=== Begin Enclosure ===

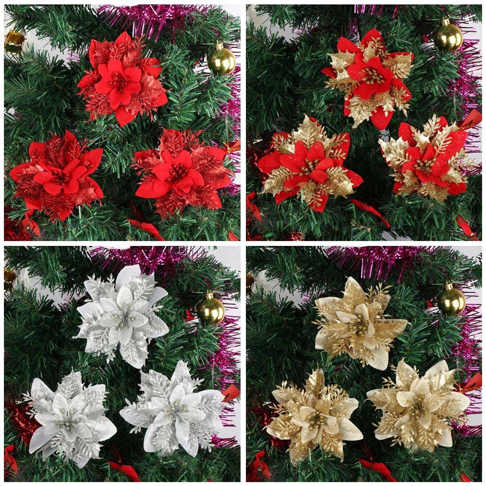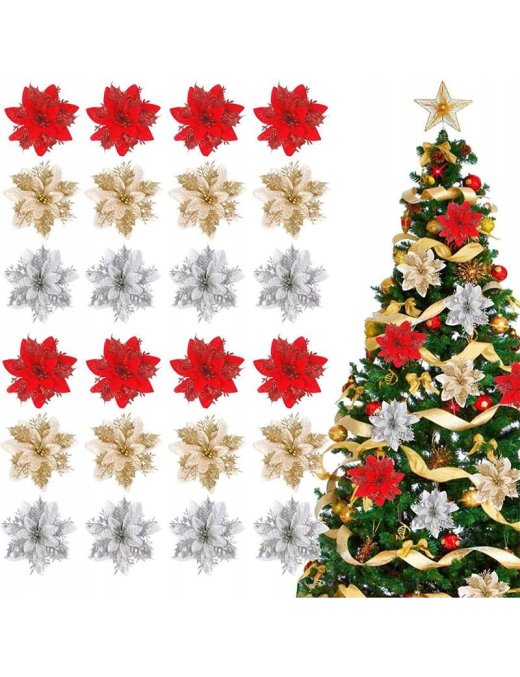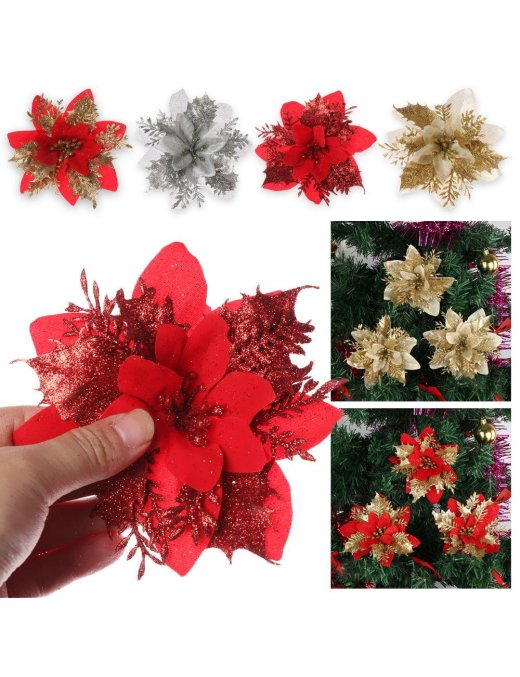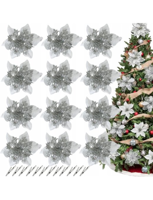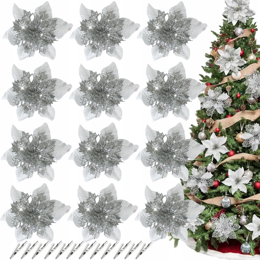 12 X SZTUCZNE KWIATY DEKORACJE BOŻE NARODZENIE NA CHOINKĘ GWIAZDA PREZENTY
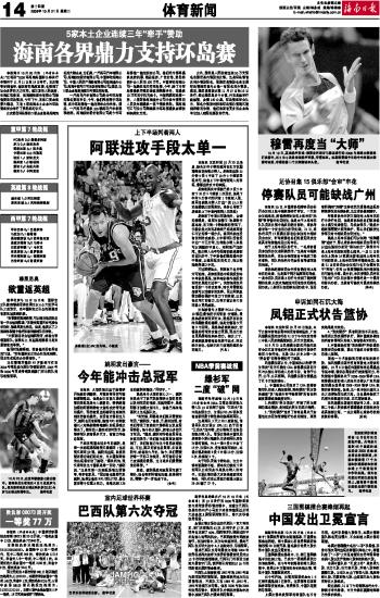 海南日报 体育新闻 014 2008-10-211 2008年10月21日 星期二
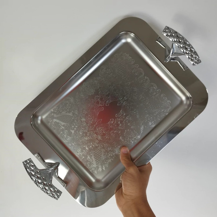سینی استیل مستطیل متوسط بی پایه ریور کد 1216 بسته 1 عددی با ارسال رایگان
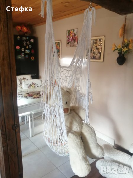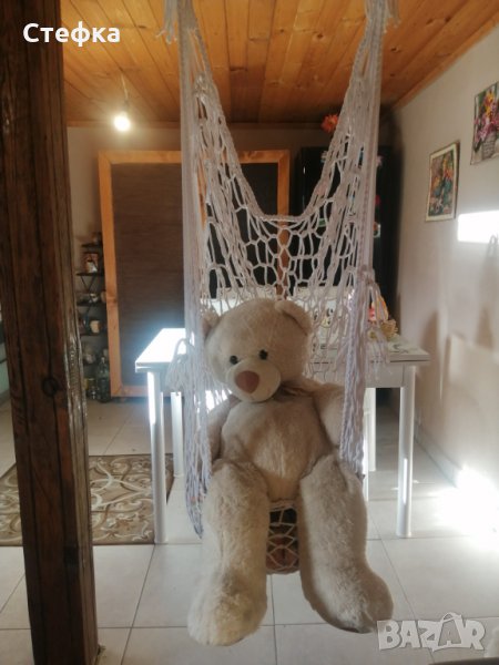 Ръчно плетена люлка,от памучно въже.Издържа над 100 кг. Мечето в нея е дълго 1 метър,не влиза в цената.Подходяща е за веранда,градина и стая.Цвета може да бъде и в сиво и бежево.Люлките се правят при потвърдена поръчка и изискват минимум 3 дена за изработката, в пролетно-летния сезон дори седмица.
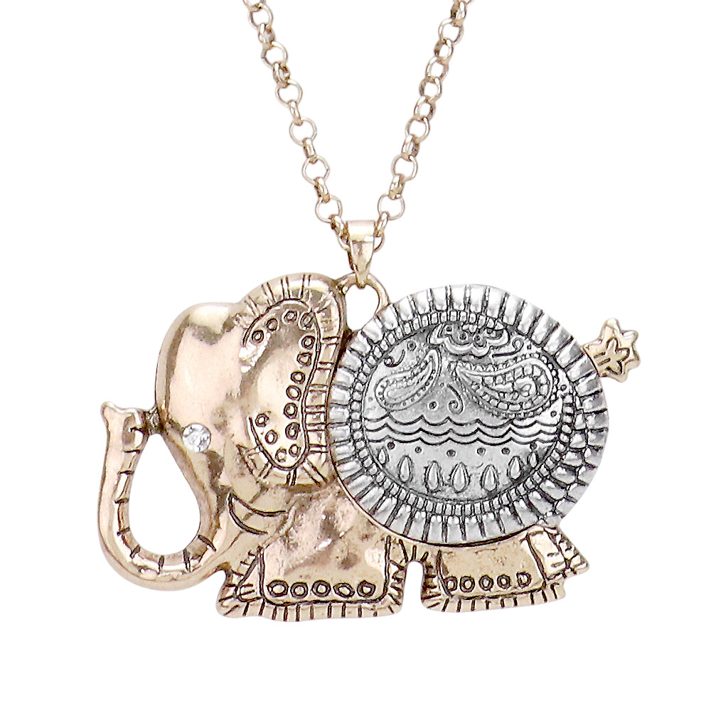Antique Pattern Elephant Pendant Necklace
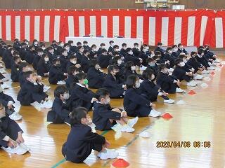 新しいクラスの仲間で並び、体育館に入場。
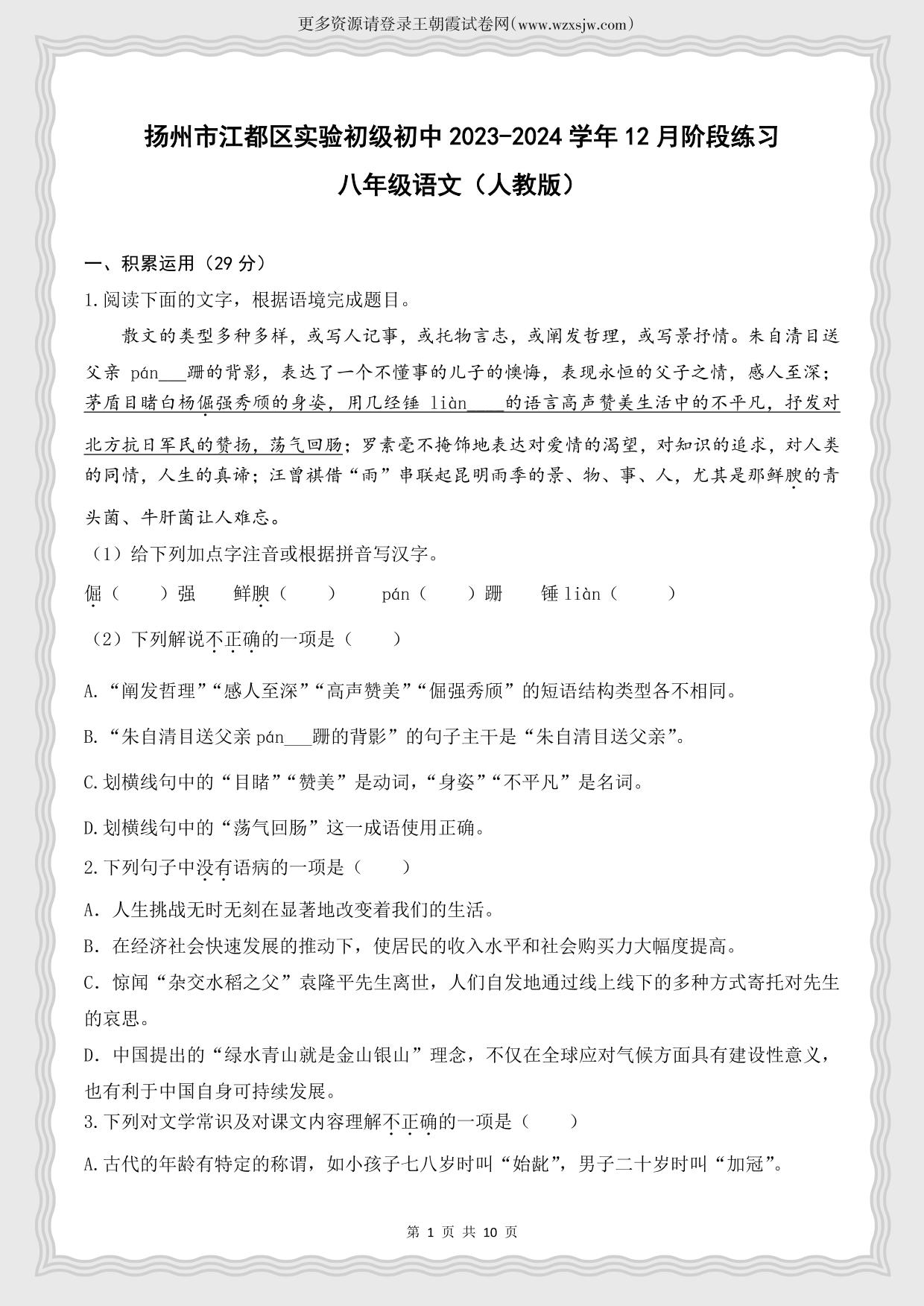 江苏省扬州市江都区实验初级中学2023-2024学年上学期12月月考阶段练习八年级语文(人教版)
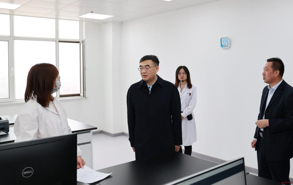 在業(yè)務(wù)大廳。張存良 攝 3月20日,市委副書記、市長(zhǎng)李建國(guó)深入市綜合檢驗(yàn)檢測(cè)中心調(diào)研,市政府秘書長(zhǎng)張艮生,市應(yīng)急管理局、市場(chǎng)監(jiān)管局負(fù)責(zé)人參加。 作為國(guó)家法蘭鍛件產(chǎn)品質(zhì)量檢驗(yàn)檢測(cè)中心(山西)、山西省雜糧產(chǎn)品質(zhì)量檢驗(yàn)中心和忻州市檢驗(yàn)檢測(cè)研究院所在地,市綜合檢驗(yàn)檢測(cè)中心是由原市質(zhì)量技術(shù)監(jiān)督檢驗(yàn)測(cè)試所、市食品藥品檢驗(yàn)所、市糧食質(zhì)量監(jiān)測(cè)中心、市農(nóng)產(chǎn)品質(zhì)量安全檢驗(yàn)監(jiān)測(cè)中心、市畜禽產(chǎn)品質(zhì)量安全檢驗(yàn)監(jiān)測(cè)中心、市特種設(shè)備監(jiān)督檢驗(yàn)所6個(gè)市級(jí)檢驗(yàn)檢測(cè)機(jī)構(gòu)整合而成,具備食品、藥品、農(nóng)產(chǎn)品、法蘭及鍛件產(chǎn)品、特種設(shè)備等眾多專業(yè)領(lǐng)域檢驗(yàn)檢測(cè)能力。李建國(guó)先后來到辦公區(qū)和液相、液質(zhì)、氣相等實(shí)驗(yàn)區(qū),察看設(shè)施設(shè)備,詳細(xì)了解人員編制、人才引進(jìn)、業(yè)務(wù)范圍、收費(fèi)標(biāo)準(zhǔn)等情況。

=== End Enclosure ===

What you are asked to do >> Without changing a word, retype every entry above, but drop its pictures.

Your response >>
 12 X SZTUCZNE KWIATY DEKORACJE BOŻE NARODZENIE NA CHOINKĘ GWIAZDA PREZENTY
 海南日报 体育新闻 014 2008-10-211 2008年10月21日 星期二
سینی استیل مستطیل متوسط بی پایه ریور کد 1216 بسته 1 عددی با ارسال رایگان
 Ръчно плетена люлка,от памучно въже.Издържа над 100 кг. Мечето в нея е дълго 1 метър,не влиза в цената.Подходяща е за веранда,градина и стая.Цвета може да бъде и в сиво и бежево.Люлките се правят при потвърдена поръчка и изискват минимум 3 дена за изработката, в пролетно-летния сезон дори седмица.
Antique Pattern Elephant Pendant Necklace
 新しいクラスの仲間で並び、体育館に入場。
 江苏省扬州市江都区实验初级中学2023-2024学年上学期12月月考阶段练习八年级语文(人教版)
 在業(yè)務(wù)大廳。張存良 攝 3月20日,市委副書記、市長(zhǎng)李建國(guó)深入市綜合檢驗(yàn)檢測(cè)中心調(diào)研,市政府秘書長(zhǎng)張艮生,市應(yīng)急管理局、市場(chǎng)監(jiān)管局負(fù)責(zé)人參加。 作為國(guó)家法蘭鍛件產(chǎn)品質(zhì)量檢驗(yàn)檢測(cè)中心(山西)、山西省雜糧產(chǎn)品質(zhì)量檢驗(yàn)中心和忻州市檢驗(yàn)檢測(cè)研究院所在地,市綜合檢驗(yàn)檢測(cè)中心是由原市質(zhì)量技術(shù)監(jiān)督檢驗(yàn)測(cè)試所、市食品藥品檢驗(yàn)所、市糧食質(zhì)量監(jiān)測(cè)中心、市農(nóng)產(chǎn)品質(zhì)量安全檢驗(yàn)監(jiān)測(cè)中心、市畜禽產(chǎn)品質(zhì)量安全檢驗(yàn)監(jiān)測(cè)中心、市特種設(shè)備監(jiān)督檢驗(yàn)所6個(gè)市級(jí)檢驗(yàn)檢測(cè)機(jī)構(gòu)整合而成,具備食品、藥品、農(nóng)產(chǎn)品、法蘭及鍛件產(chǎn)品、特種設(shè)備等眾多專業(yè)領(lǐng)域檢驗(yàn)檢測(cè)能力。李建國(guó)先后來到辦公區(qū)和液相、液質(zhì)、氣相等實(shí)驗(yàn)區(qū),察看設(shè)施設(shè)備,詳細(xì)了解人員編制、人才引進(jìn)、業(yè)務(wù)范圍、收費(fèi)標(biāo)準(zhǔn)等情況。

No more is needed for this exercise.